As of last March, New Mexico (following New York and New Jersey) became the third state in two years to abolish the death penalty, bringing the total remaining that still apply capital punishment down to thirty-five. Aside from the realities that capital punishment is expensive, cruel and does little to deter the crimes that currently invoke it, New Jersey's own backing of abolishment is especially instructive for Connecticut, as the Garden State's system of capital punishment is virtually identical to our own--with the exception that no one in New Jersey ever volunteered to be executed (New Jersey has executed no one in the modern era).
New Jersey's decision resulted from wide recognition, both on the part of the petitioning public and Assemblymen Wilfredo Caraballo (D) and Christopher Bateman (R) that the death penalty fails to provide closure to families and is prone to arbitrary decisions, leading to racial and geographical disparities.
Kirk Bloodsworth stated it more plainly before a Fairfield audience last month, while recounting his traumatic experiences in prison as the first death row inmate to be freed by DNA evidence: “I work with people to try and abolish the death penalty because of one fact: We could execute an innocent person. We have a death row population of 3,500 and a prison population of 2.5 million. The risk is too great for error."
Rolf Maurer
Candidate for Connecticut State Senate (District 27)
Connecticut Green Party
Monday, February 21, 2011
Response To Himes' Defense of Health Care Reform
submitted to The Advocate, February 3, 2011
The true "theater" Congressman Himes should have cited regarding Republican opposition to health care reform (Himes: Vote on health care law repeal is 'political theater', 1/16/11) is the myth perpetuated by both parties that health care in the United States is inconceivable without serving the needs of for-profit insurance, first--an industry whose own health depends on actively denying it to customers.
Why isn't Washington talking about addressing the issue on terms dictatd by something more civilized, like shared human need? It can't be because the public wouldn't back that priority. Consistently, CBS, Yahoo! And New York Times polls have shown 60 percent public support for a single-payer system. Nor can it be because the idea is too absurd to take seriously, otherwise why did Senator Baucus (D-MT) have members of Single Payer Action and Physicians for a National Health Program arrested for demanding that such an option be considered by his reform committee?
Replacing the privatized model would reduce expenses that currently comprise about 17 percent of the GDP, while also serving everyone (regardless of income or conditions) with more money spent directly on care, as the costly bureaucracy and redundancy defining privately-mediated health care would be vastly reduced.

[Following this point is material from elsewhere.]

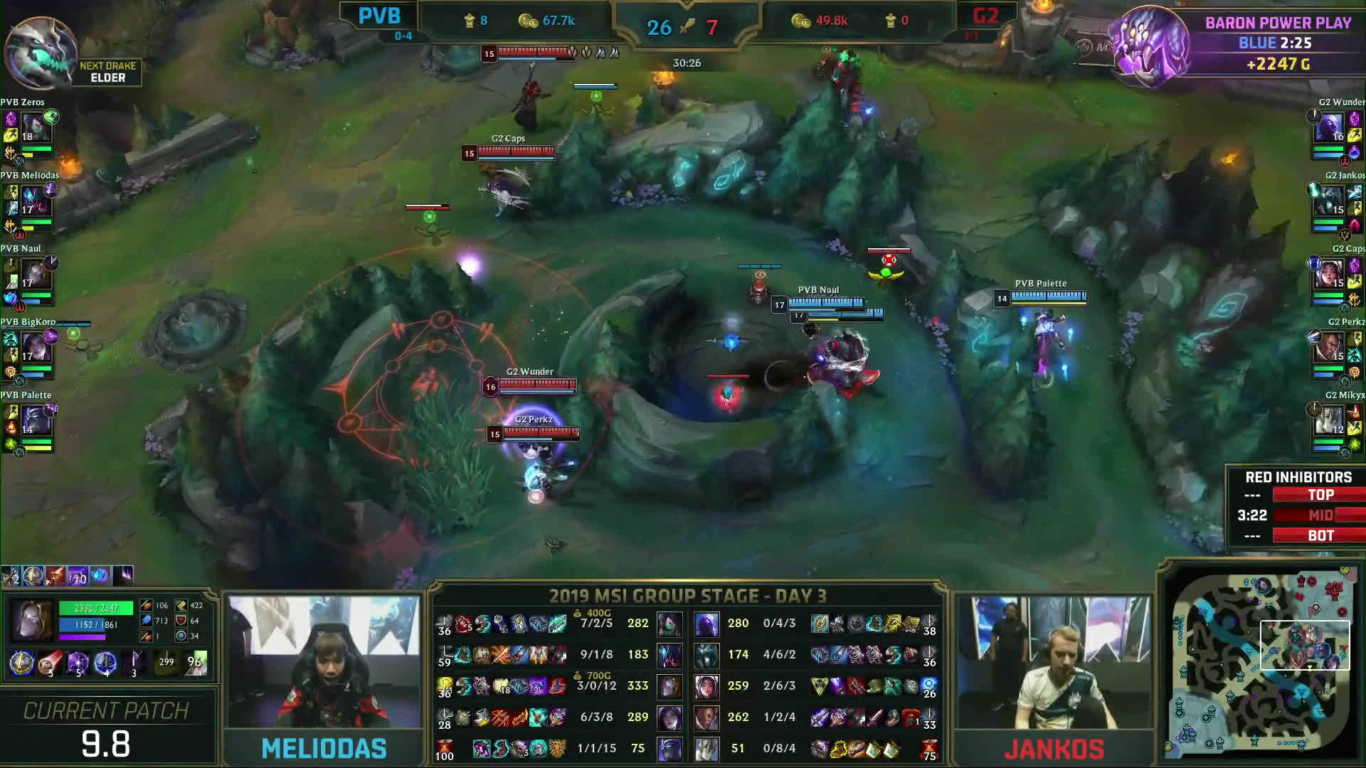 [微博视频] PVB再度赢下团战,中路摧毁G2水晶,随后再度拿下大龙。

The concern that people should be able to keep insurance they are "happy with" under a new program represents a false choice. Would one like the option of breathing consistently clean over occasionally polluted air? Like fire protection, everyone needs health care.
That's not to say we don't need insurance. Coverage, however, for property damage does not validate coverage for one's health, because, unlike a house or car, no one has a choice of what body she resides in, nor the ability to switch from one to another in the event of poor health.
Another common partisan complaint is resentment over having to pay for others' medical needs--particularly if they don't take care of themselves. Yet, even private insurance cannot issue payouts to anyone without drawing from the collective contribu-tions of all plan participants. Like publicly-funded single-payer schemes popular in Europe and elsewhere, insurance pools risk and costs across all of its members, making it, at heart, a dysfunctional version of much-dreaded socialized medicine.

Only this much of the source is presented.